Search code examples
algorithmperformancelanguage-agnosticbig-ohashtable

Can hash tables really be O(1)?


It seems to be common knowledge that hash tables can achieve O(1), but that has never made sense to me. Can someone please explain it? Here are two situations that come to mind:

A. The value is an int smaller than the size of the hash table. Therefore, the value is its own hash, so there is no hash table. But if there was, it would be O(1) and still be inefficient.

B. You have to calculate a hash of the value. In this situation, the order is O(n) for the size of the data being looked up. The lookup might be O(1) after you do O(n) work, but that still comes out to O(n) in my eyes.

And unless you have a perfect hash or a large hash table, there are probably several items per bucket. So, it devolves into a small linear search at some point anyway.

I think hash tables are awesome, but I do not get the O(1) designation unless it is just supposed to be theoretical.

Wikipedia's article for hash tables consistently references constant lookup time and totally ignores the cost of the hash function. Is that really a fair measure?


Edit: To summarize what I learned:

  • It is technically true because the hash function is not required to use all the information in the key and so could be constant time, and because a large enough table can bring collisions down to near constant time.

  • It is true in practice because over time it just works out as long as the hash function and table size are chosen to minimize collisions, even though that often means not using a constant time hash function.


Solution

  • You have two variables here, m and n, where m is the length of the input and n is the number of items in the hash.

    The O(1) lookup performance claim makes at least two assumptions:

    • Your objects can be equality compared in O(1) time.
    • There will be few hash collisions.

    If your objects are variable size and an equality check requires looking at all bits then performance will become O(m). The hash function however does not have to be O(m) - it can be O(1). Unlike a cryptographic hash, a hash function for use in a dictionary does not have to look at every bit in the input in order to calculate the hash. Implementations are free to look at only a fixed number of bits.

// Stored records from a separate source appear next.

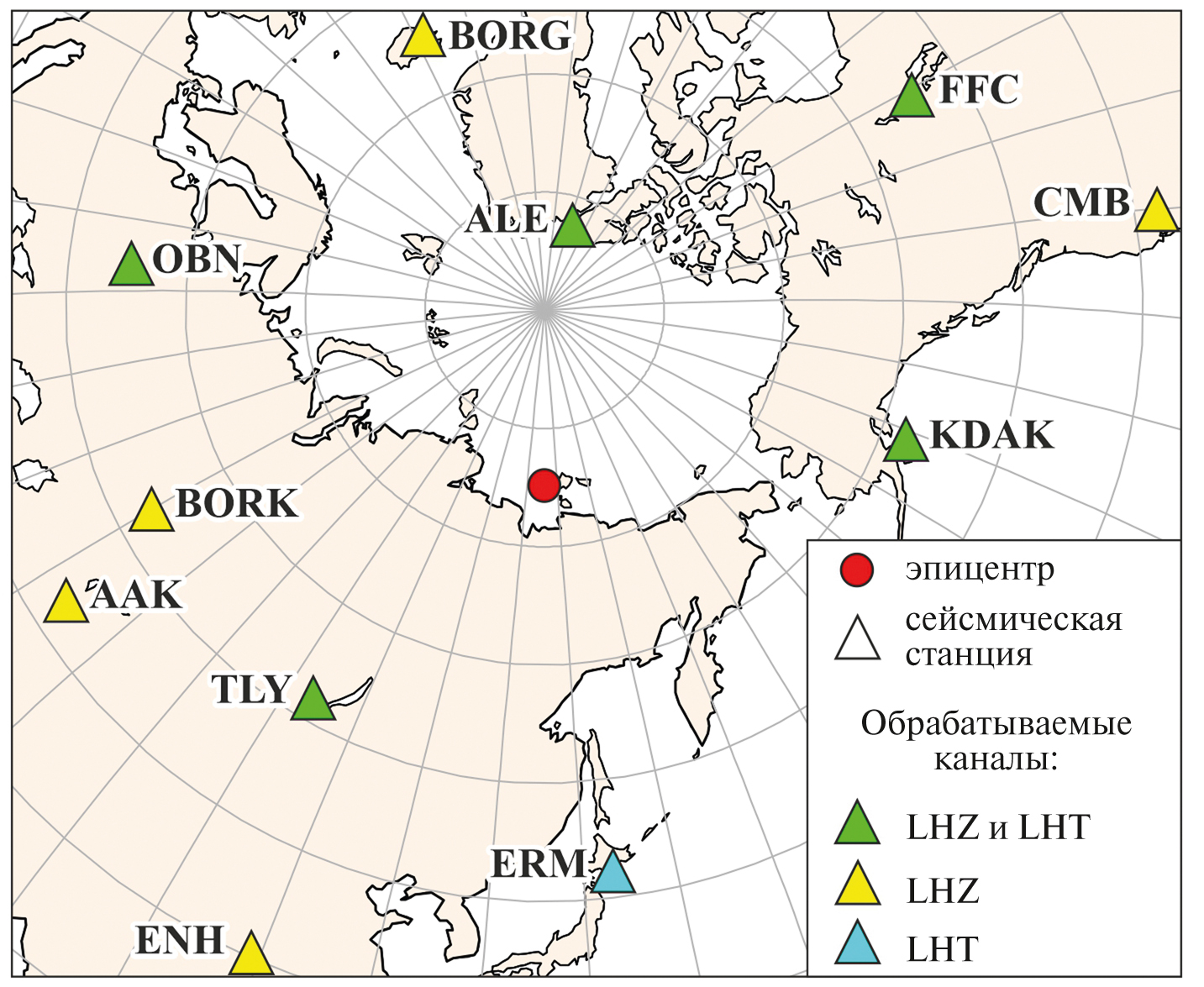 Рис. 3. Сейсмические станции, на которых получены спектры поверхностных волн. Коды станций соответствуют международному стандарту. LHZ – вертикальная компонента записи, LHT – трансверсальная компонента записи (результат вращения горизонтальных компонент, направленных на восток и север).
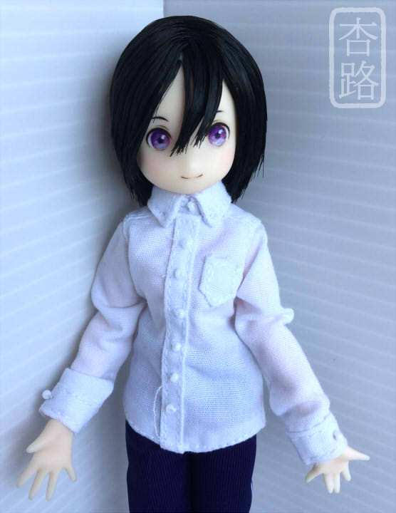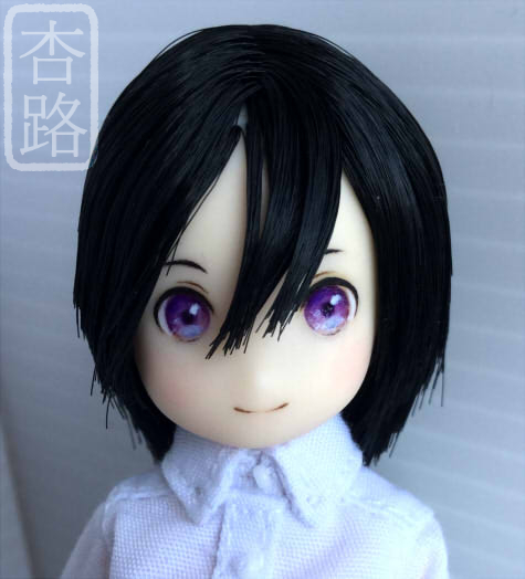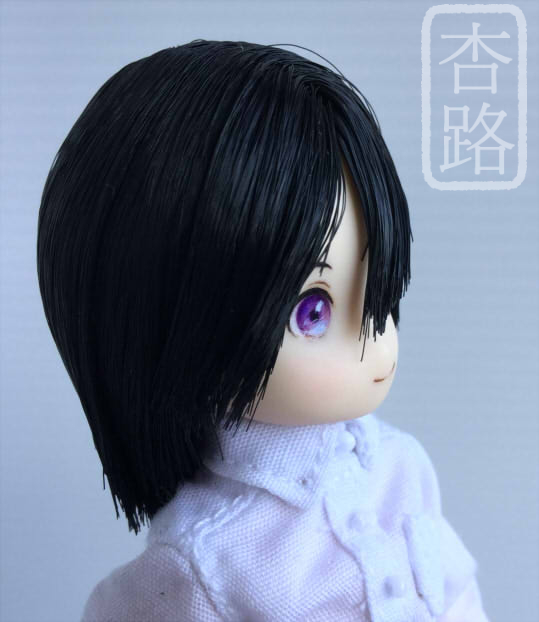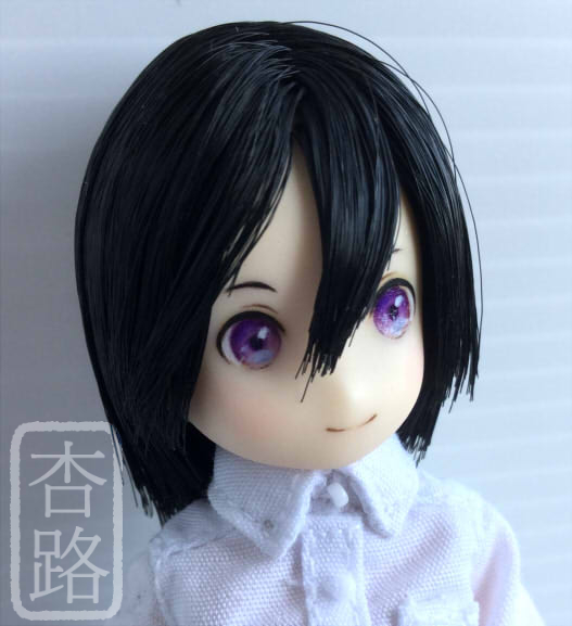1/12 カスタム ドール ヘッド ピコニーモS 瑠璃 アゾン ピコニーモS用 植毛ヘッド 白肌 ブラック ペイントにはリキテックス使用 ペイント部分をマット保護、瞳は光沢加工しています お湯パーマ後カットしました ピコニーモSボディ 白肌 との組み合わせ例
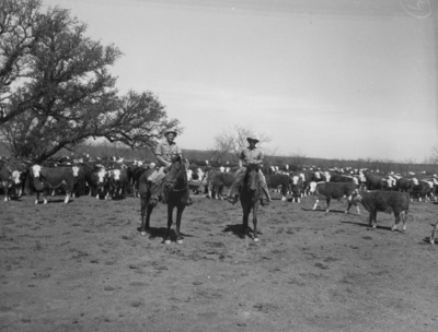 The Quincy Corbett Ranch near Caddo, Stephens County, is an interesting place nowadays with 2,000 yearlings making gains of something like two pounds a day. Shown here in this picture are two of the cowboys on the ranch, Left to right, John Clark and Ervin Cohron. Cows can be seen in the background.
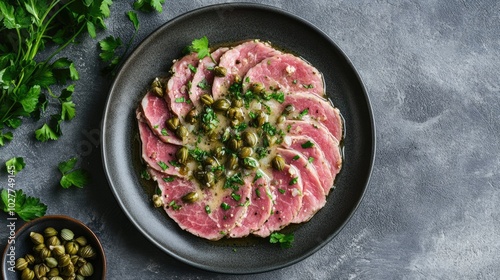 Sliced Meat with Herbs and Capers on a Plate
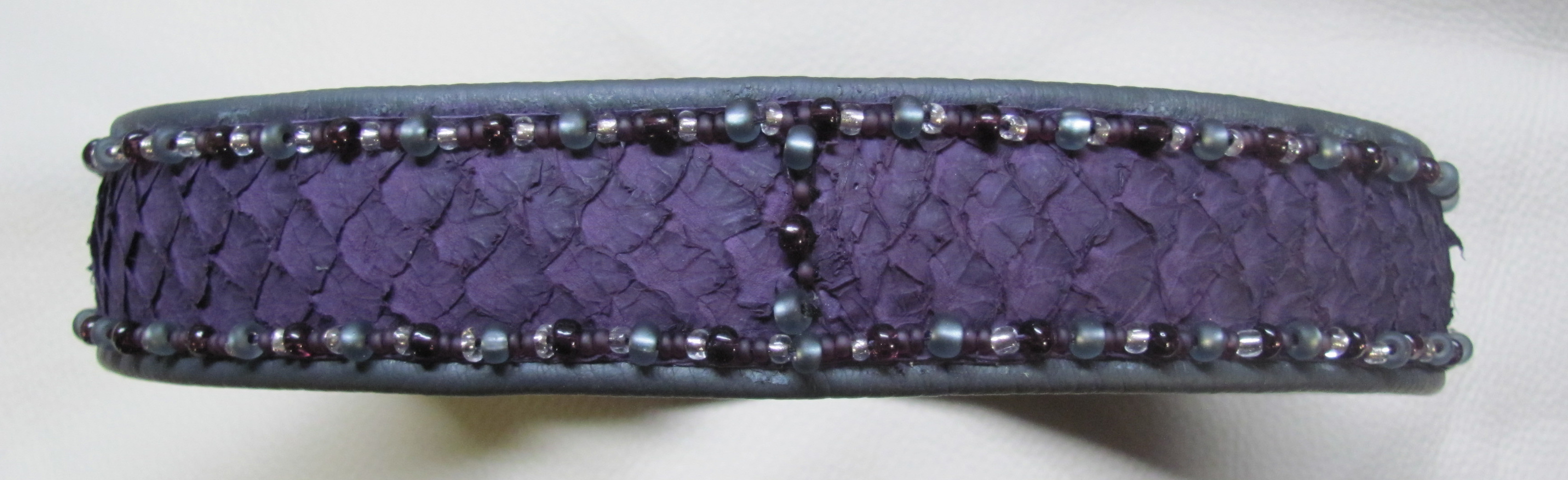 Picture 4 shows mouse grey nappa leather with plum carp leather and pearl embellishment, 3.5cm wide

    For sufficiently many items the number of items will become greater than the number of possible hashes and then you will get collisions causing the performance rise above O(1), for example O(n) for a simple linked list traversal (or O(n*m) if both assumptions are false).

    In practice though the O(1) claim while technically false, is approximately true for many real world situations, and in particular those situations where the above assumptions hold.